Выбрать главу

Платон, по преданию, тоже мечтал в юности о славе трагического поэта, пока встреча с Сократом не открыла другого направления его призванию. Фигуру Сократа, легендарного чудаковатого мудреца, не оставившего письменных памятников своих философических занятий, античная традиция тоже ставила в ряд аттических лириков и трагиков. Лирические опыты Сократа связывали с жанром пеана, что же касается трагедии, то дельфийский оракул присудил ему победу в состязании с Софоклом и Еврипидом, так сказать, honoris causa, без представления сочинений. В Платоновой «Апологии Сократа» упоминается, что один из его почитателей вопросил в Дельфах, есть ли на свете кто-нибудь мудрее Сократа, и пифия ответила, что нет никого (21А). В древности как изречение оракула ходил такой стишок:

Софокл — мудрец, да Еврипид мудрей его,

Но всех мужей Сократ превыше мудростью.

Какие же черты благочестивой мудрости — софии, накапливаясь и возрастая от Софокла к Еврипиду и Сократу, дали повод дельфийскому владыке для проведения такой градации? Сам Сократ, польщенный божественным избранием, толковал ответ пифии в том смысле, что из всех мудрецов он один вполне искренне понимает тщету человеческих познаний, он «знает, что ничего не знает», тогда как другие не знают даже и о своем незнании, да и не желают знать. Правда, и Софокл и Еврипид достаточно красноречиво свидетельствовали своими драмами, что и они этому «знанию незнания» не чужды. Бесконечно перетолкованный «Эдип» имеет еще и такое толкование: вера в божественный оракул, а не рациональные соображения пусть даже безупречного мужа спасут его самого и народ. Ведь что узнаёт Эдип в своем трагическом узнавании и чем он так потрясен? Что он убил отца, что вступил в нечестивейший брак с матерью? — А разве не знал он этого с самого начала? Разве не к этому вела его судьба? Разве не этого должен был ждать он каждую минуту? Страшная весть могла бы принести ему своего рода облегчение: больше нечего ждать и нечего бояться, свершилась судьба, исполнилось божественное предвещание, — можно с чистой душой отправляться в Колон и вместе с мученическим венцом принять венец благодетеля страны своего погребения. Ведь не напрасно Эдип выведен не запальчивым авантюристом, а мужем высочайших достоинств, отцом народа — разумеется, он не совершал своих ужасных преступлений, он их «претерпевал», и в этом «Эдип-царь» и «Эдип в Колопе» не расходятся друг с другом.

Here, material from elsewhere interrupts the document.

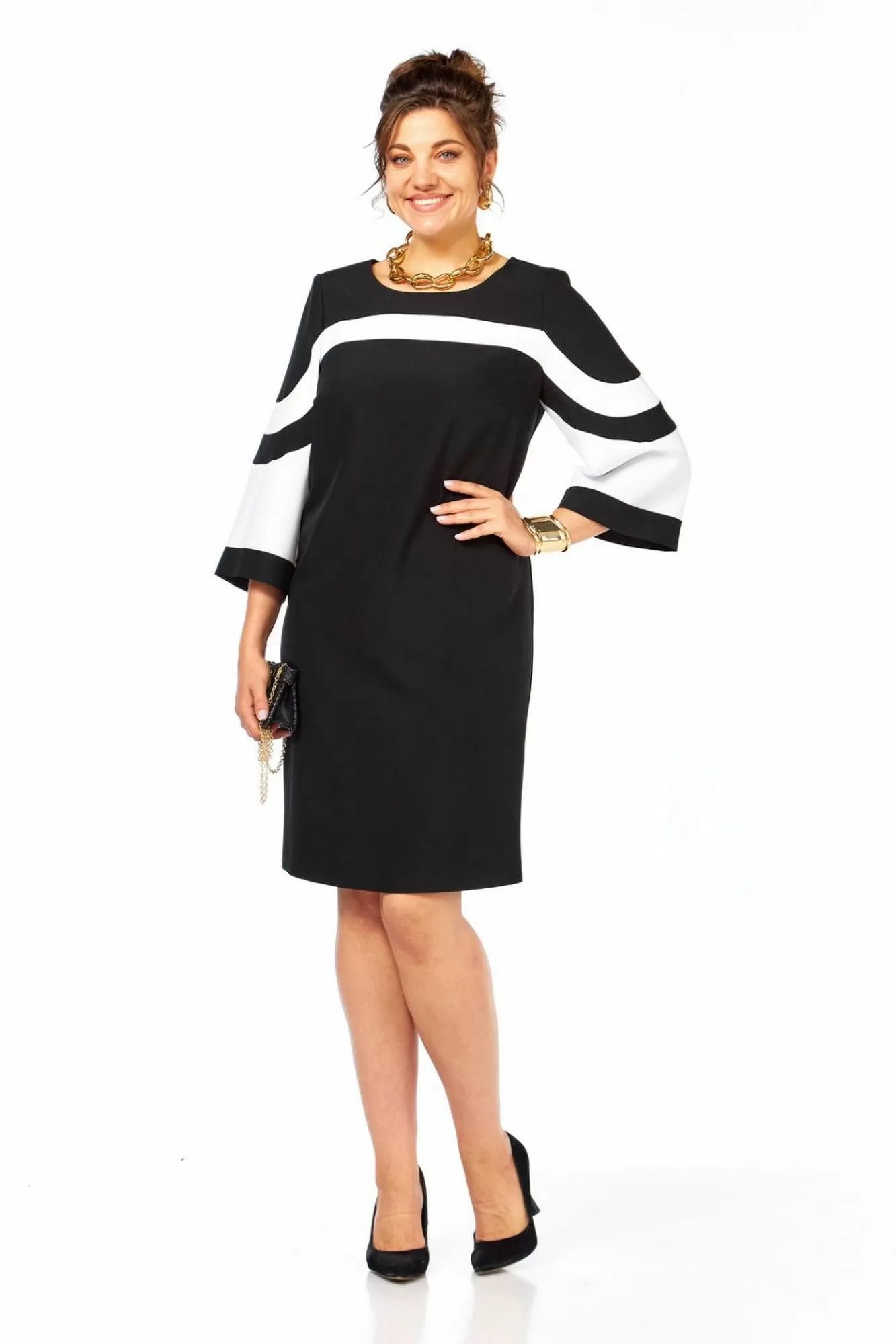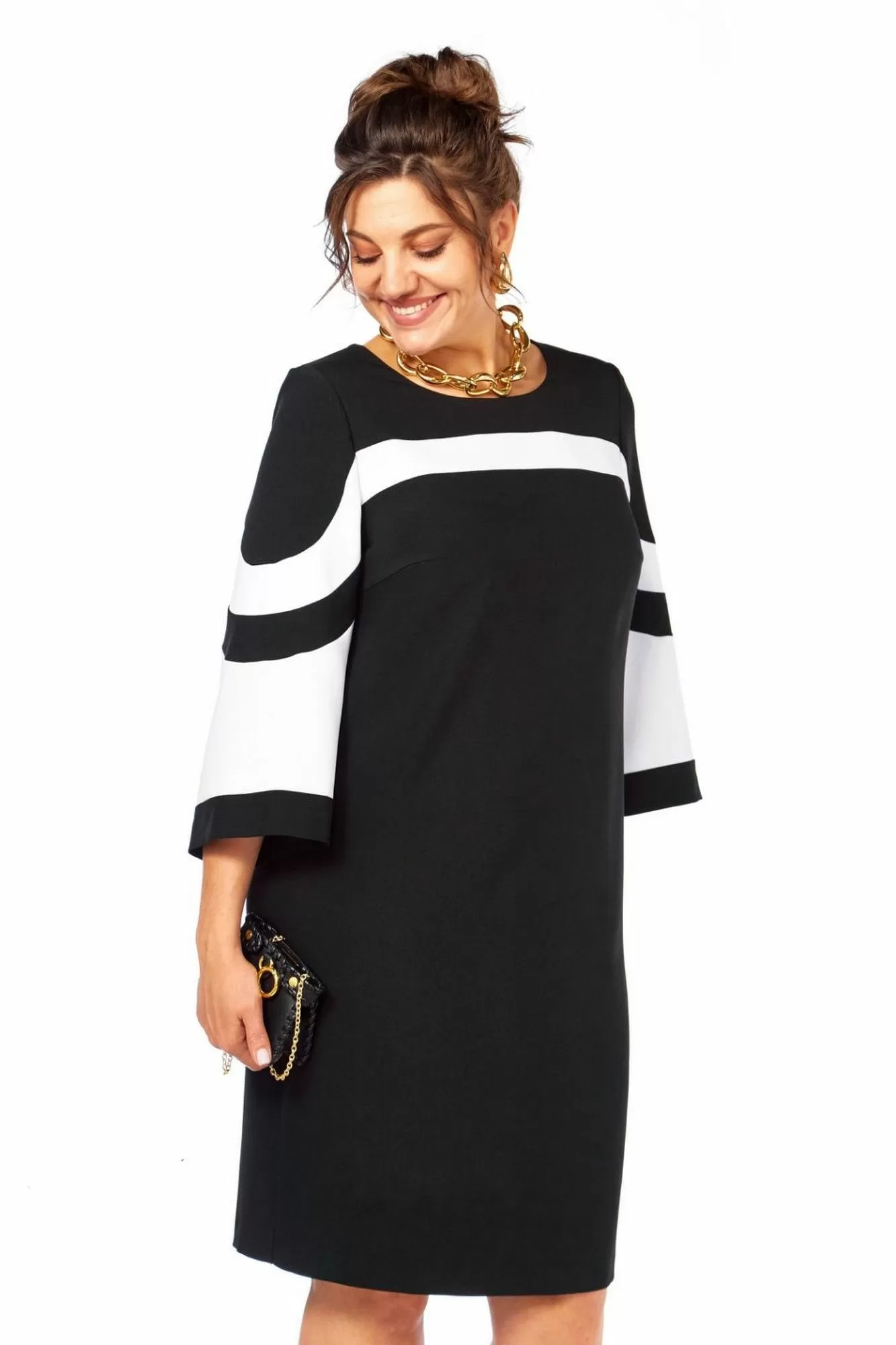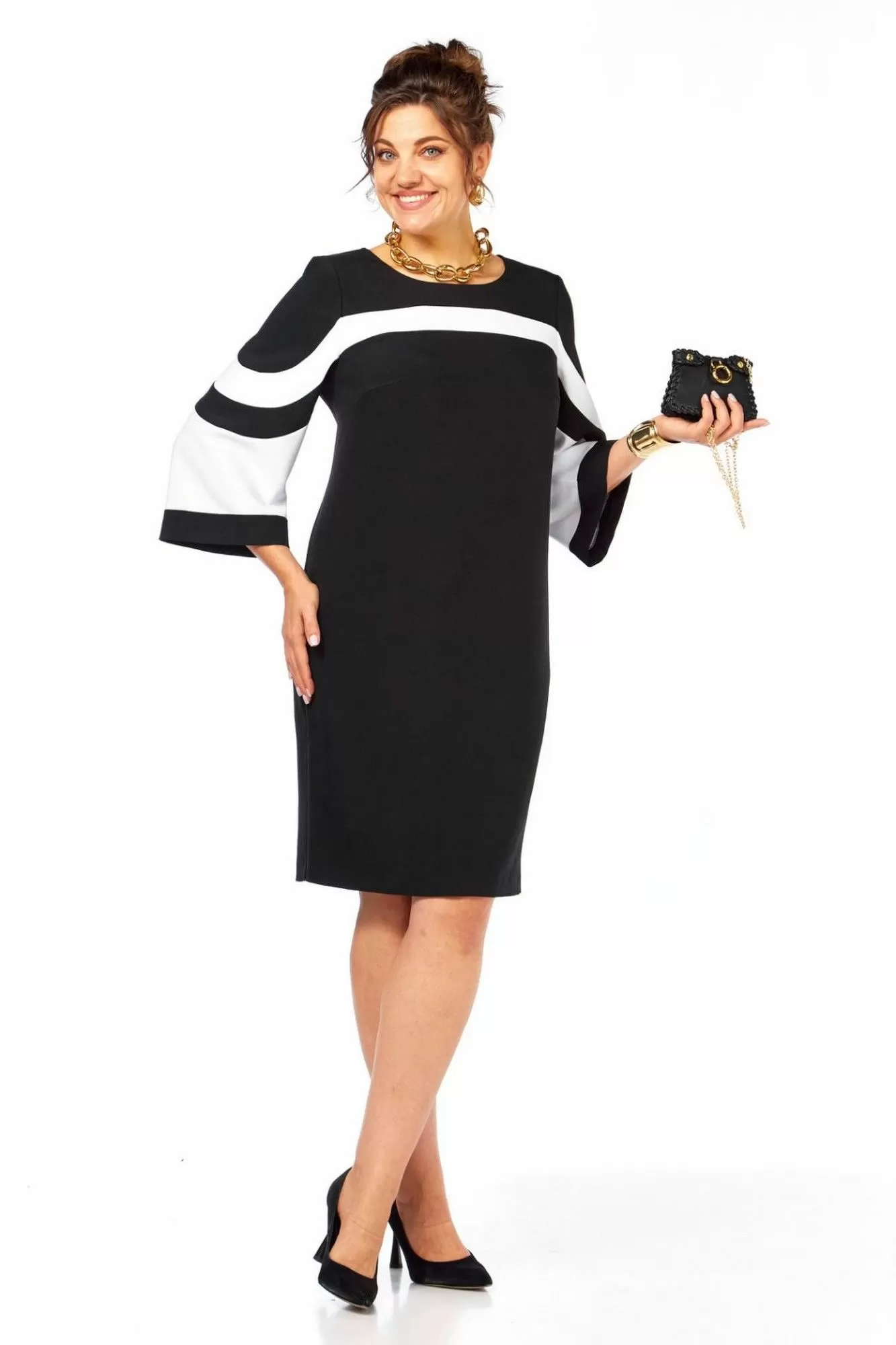 Платье женское, нарядное, полуприлегающего силуэта, с нагрудными вытачками, идущими от центра груди к боковым швам. По переду расположено горизонтальное членение с отделочным элементом. Спинка со средним швом, в среднем шве расположена потайная молния и сверху и разрез снизу. По спинке расположены талиевые вытачки. Рукава втачные, одношовные, расклешенные, длиной ¾. С фигурными членениями.

Преступление Эдипа иное. С чистыми помыслами и благородными намерениями он стремился избежать зла, готовый к самопожертвованию: он покинул дом, где он вырос, и тех, кого считал родителями, оставил наследный престол, обрек себя на лишения и превратности скитальческой жизни, он все разумно рассудил — он не знал только, что не знает самого себя, не знает даже того, кто он, каких родителей сын. Именно свое незнание постигает он в трагическом узнавании и этим открытием он до основания души потрясен. Вот где таилась его погибель, его неправда, его гордыпя. Тогда еще нужно было ослепить себя, когда ему стал известен божественный оракул. Он должен был не пытаться обойти или смягчить судьбу разумным и добродетельным поведением, а поверить оракулу, внять ему — ведь оракул не безнадежен: если Эдип будет хранить чистоту, не согрешив ни убийством, ни браком, он не нарушит оракула, но он и не совершит ужасных преступлений. Всего-то требовалось: чистоты и веры (в конечном счете всякое убийство — отцеубийство, всякий брак — инцест), а он понадеялся на разум. Ах, человек, хитер ты, ловок и умен, но слеп и не ведаешь своей слепоты. Таков и Креонт в «Антигоне», понадеявшийся на то, что знает себя как человека разумного и твердого, способного не дрогнуть перед неразумной женской чувствительностью, но он не знал себя. Семья наказала его за высокомерное презрение к самому простому, нерациональному, но изначальному в человеке — к его родственной привязанности, издревле почитавшейся священной, а разум не помог ему в тот миг, когда его очи прозрели: разум сделал свое дело и равнодушно удалился.